Test the config dict for all scenarios (ie for IAM::Policy, write tests.tests_iam.test_policy_config_dict). For writing this test, you’ll need to create resources in the same way as the first test (without using boto), in every meaningful configuration that would produce a different config dict. Then, query the backend and ensure each of the dicts are as you expect.
Test that everything works end to end with the boto clients. (ie for IAM::Policy, write tests.tests_iam.test_policy_config_client). The main two items to test will be the boto.client(‘config’).list_discovered_resources(), boto.client(‘config’).list_aggregate_discovered_resources(), moto.client(‘config’).batch_get_resource_config(), and moto.client(‘config’).batch_aggregate_get_resource_config(). This test doesn’t have to be super thorough, but it basically tests that the front end and backend logic all works together and returns correct resources. Beware the aggregate methods all have capital first letters (ie Limit), while non-aggregate methods have lowercase first letters (ie limit)
Listing
S3 is currently the model implementation, but it also odd in that S3 is a global resource type with regional resource residency.
But for most resource types the following is true:
There are regional backends with their own sets of data
Config aggregation can pull data from any backend region – we assume that everything lives in the same account
Implementing the listing capability will be different for each resource type. At a minimum, you will need to return a List of Dict that look like this:
[
{
'type': 'AWS::The AWS Config data type',
'name': 'The name of the resource',
'id': 'The ID of the resource',
'region': 'The region of the resource -- if global, then you may want to have the calling logic pass in the
aggregator region in for the resource region -- or just us-east-1 :P'
}
, ...
]
It’s recommended to read the comment for the ConfigQueryModel’s list_config_service_resources function in [base class here](moto/core/models.py).

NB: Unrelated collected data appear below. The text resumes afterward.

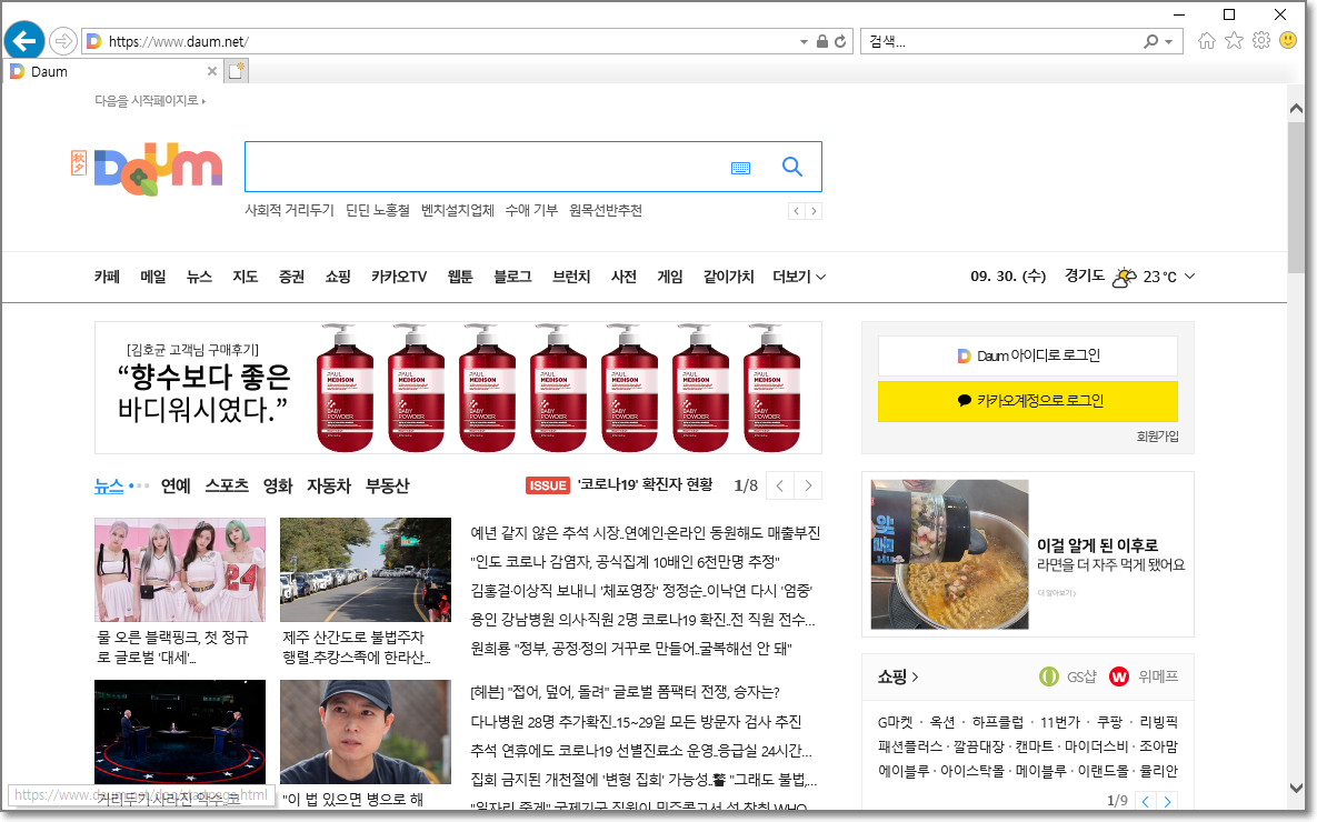 익스플로러32비트로 다음 첫화면이 나왔습니다.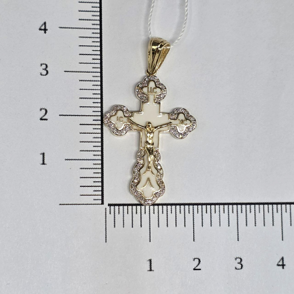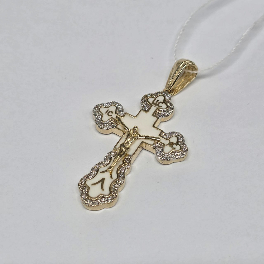 Золотая подвеска крест с бриллиантами и эмалью 0652000284800002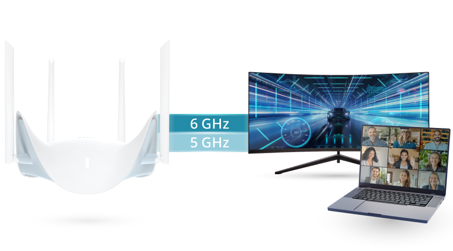 - Tri-Band Performance: 2,4 GHz, 5 GHz e 6 GHz utilizando canais ultra largos de 320 MHz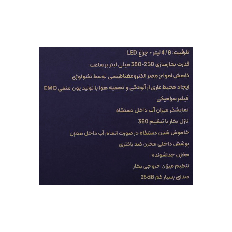 توان مصرفی 35 وات - میزان رطوبت دهی 250-380 ml/H

^^ The AWS Config code will see this and format it correct for both aggregated and non-aggregated calls.
General implementation tips
The aggregation and non-aggregation querying can and should just use the same overall logic. The differences are:
1. Non-aggregated listing will specify the region-name of the resource backend backend_region 1. Aggregated listing will need to be able to list resource types across ALL backends and filter optionally by passing in resource_region.
An example of a working implementation of this is S3.
Pagination should generally be able to pull out the resource across any region so should be sharded by region-item-name – not done for S3 because S3 has a globally unique name space.
Describing Resources
Fetching a resource’s configuration has some similarities to listing resources, but it requires more work (to implement). Due to the various ways that a resource can be configured, some work will need to be done to ensure that the Config dict returned is correct.
For most resource types the following is true:
1. There are regional backends with their own sets of data 1. Config aggregation can pull data from any backend region – we assume that everything lives in the same account
The current implementation is for S3. S3 is very complex and depending on how the bucket is configured will depend on what Config will return for it.
When implementing resource config fetching, you will need to return at a minimum None if the resource is not found, or a dict that looks like what AWS Config would return.
It’s recommended to read the comment for the ConfigQueryModel ‘s get_config_resource function in the base class.